Порой я говорю себе, что избежал большой беды, когда еще в юности все сложилось так, чтобы не дать мне улучить минутку и убедиться: писать – значит перестать писать. Будь у меня эта свободная минутка, сейчас бы я, наверное, просто лопался от таланта, или же, наоборот, был бы уничтожен и кончен как писатель, но и в том, и в другом случае – лишен возможности наслаждаться этим чудесным ощущением начинающего, ощущением, которое дарует мне такую отраду вот в эту самую – самую-рассамую – идеальную минуту: ровно в полдень 29 июня, когда я намереваюсь откупорить бутылку «Вега Сицилия»[5] 1966 года и, ну, скажем, испытать восторг того, кто знает, что его никогда не издадут и отмечает запуск тайного дневника, хроники ученичества, и в утренней тиши оглядывается по сторонам, и различает в воздухе слабое свечение, существующее, наверное, только у него в голове.
[ГОВНОРОСКОП]
Когда день уже можно смело считать вечером, я, малость выпив, занялся поисками «Стихов» Сэмюэла Беккета в переводе на испанский. Первый раздел назван Whorescope – это размышления о времени, написанные и опубликованные в 1930 году. Я понял гораздо меньше, чем в тот день, когда прочел его впервые, и, может быть, именно поэтому оно понравилось мне больше, чем тогда. Похоже, следует приписать Декарту – его умело подделанному автором голосу, – сто беккетовских строчек о беге дней, об эфемерности и о куриных яйцах. От моего понимания ускользнули куры и их яйца. Но благодаря этому я немало повеселился. Отлично.

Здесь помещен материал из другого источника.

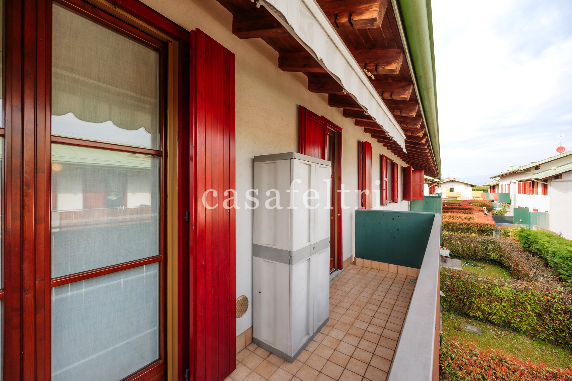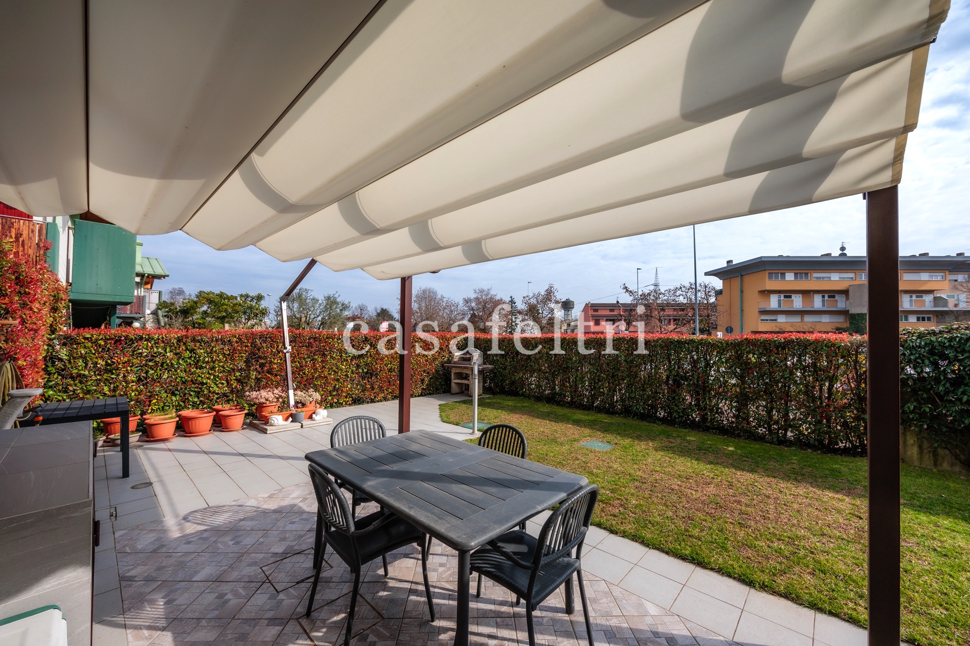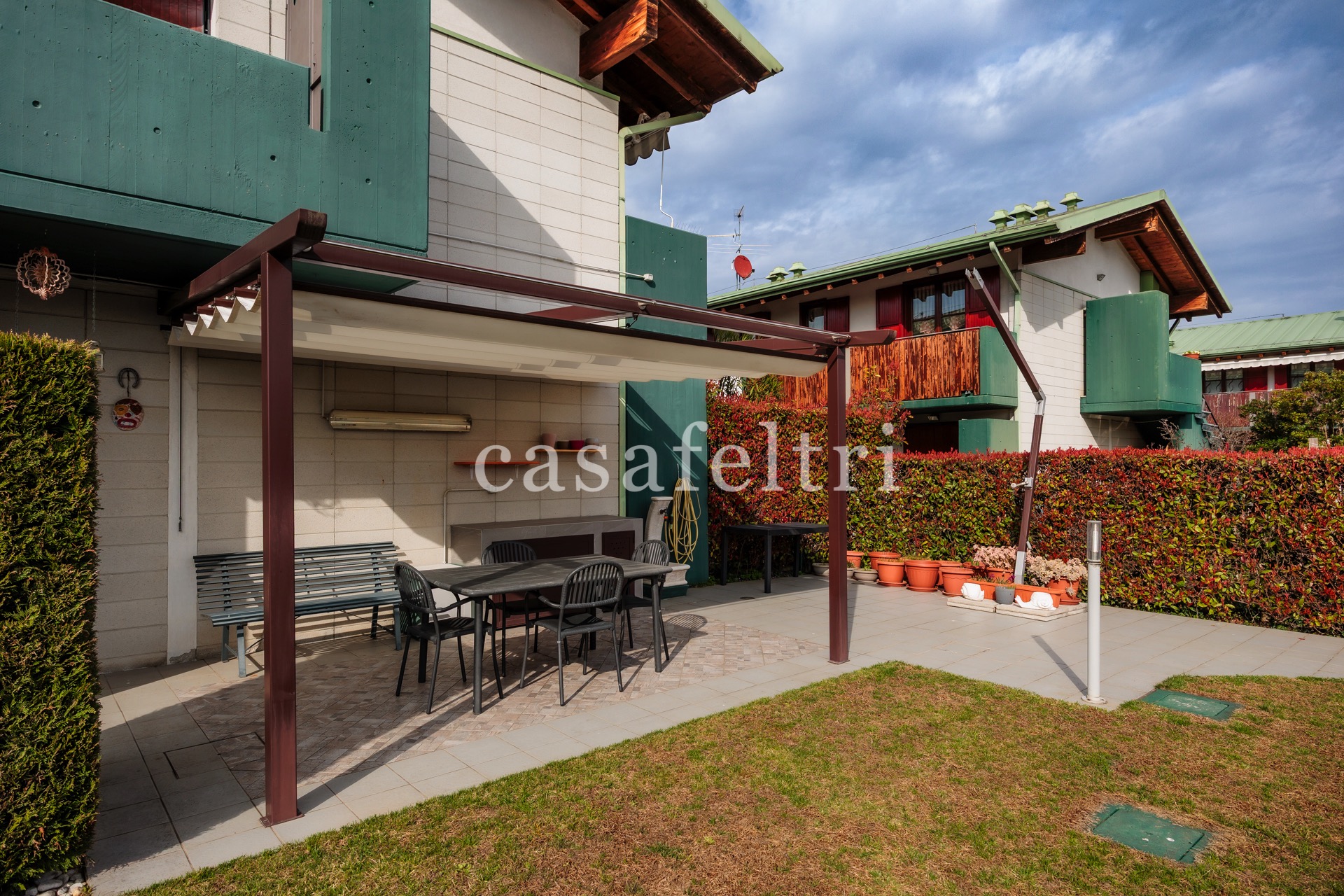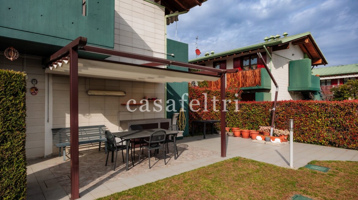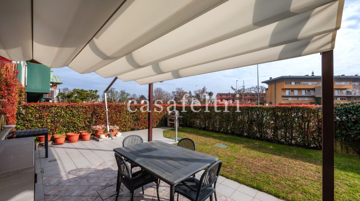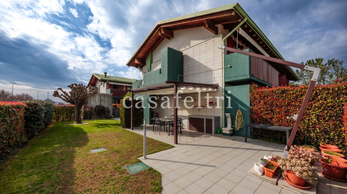 Si accede all’immobile attraverso un ingresso indipendente che subito ci mostra un giardino ben tenuto, in parte pavimentato, di circa 160 mq, ideale per trascorrere momenti di pace e relax, con barbecue e magnifico pergolato.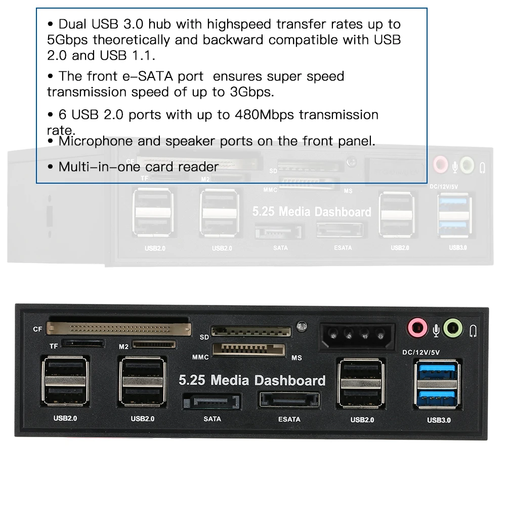 1*5.25 "내부 SATA ESATA 듀얼 USB 3.0 6 USB 2.0 5inone 카드 리더 다기능 전면 패널 미디어 대시보드

Интересно бы знать, почему сегодня, определив себя в разряд простых, неискушенных дебютантов, я дошел до полного изнеможения, пытаясь – и совершенно безуспешно – написать несколько стилистически безупречных абзацев в этом дневнике? Сколько же времени я убил на выполнение этой безумной работы? И сколь же неубедителен довод, что времени у меня в избытке, что я ничем не занят и мой удел – праздность. Дело все в том, что я писал карандашом на листках, вырванных из тетради, потом надел очки и отредактировал текст, потом набрал его на компьютере, потом распечатал и перечитал, и обдумал, и выправил – это был истинный момент писания, – а потом снова набрал текст на компьютере, следа не оставив от написанного вручную, и наконец удовлетворился своими заметками, погребенными в загадочном нутре компьютера.
Сейчас-то я понимаю, что тогда действовал так, словно не знал, что в итоге идеальные абзацы все равно не устоят перед временем, ибо они – суть языка: их разрушает невнимательность наборщика, разница в словоупотреблении, перемены – короче говоря, сама жизнь.
«Но ты ведь начинающий, – раздался тут некий голос, – и боги текста еще способны простить тебе огрехи».
2
Вчера я, человек, который на протяжении всей имеющейся в нем жизни, весело и чудаковато был занят лишь чтением, устремил глаза к столу, к маленькому деревянному прямоугольнику, стоявшему в ответвлении кабинета, и приступил к писанию.
Я начал свои дневниковые экзерсисы без предварительного плана, однако, во всеоружии знания о том, что в литературе начинают не потому, что есть о чем писать, вот человек и пишет, а наоборот, сам процесс писания как таковой позволяет автору выяснить, что он желает высказать. Так я начал вчера, имея в виду, что буду всегда расположен к неспешному постижению этой науки и что когда-нибудь достигну уровня, который позволит мне замахнуться и на более возвышенные цели. Так я начал вчера и так продолжу сегодня, и буду плыть в этом потоке слов ради того, чтобы узнать, куда же они унесут меня.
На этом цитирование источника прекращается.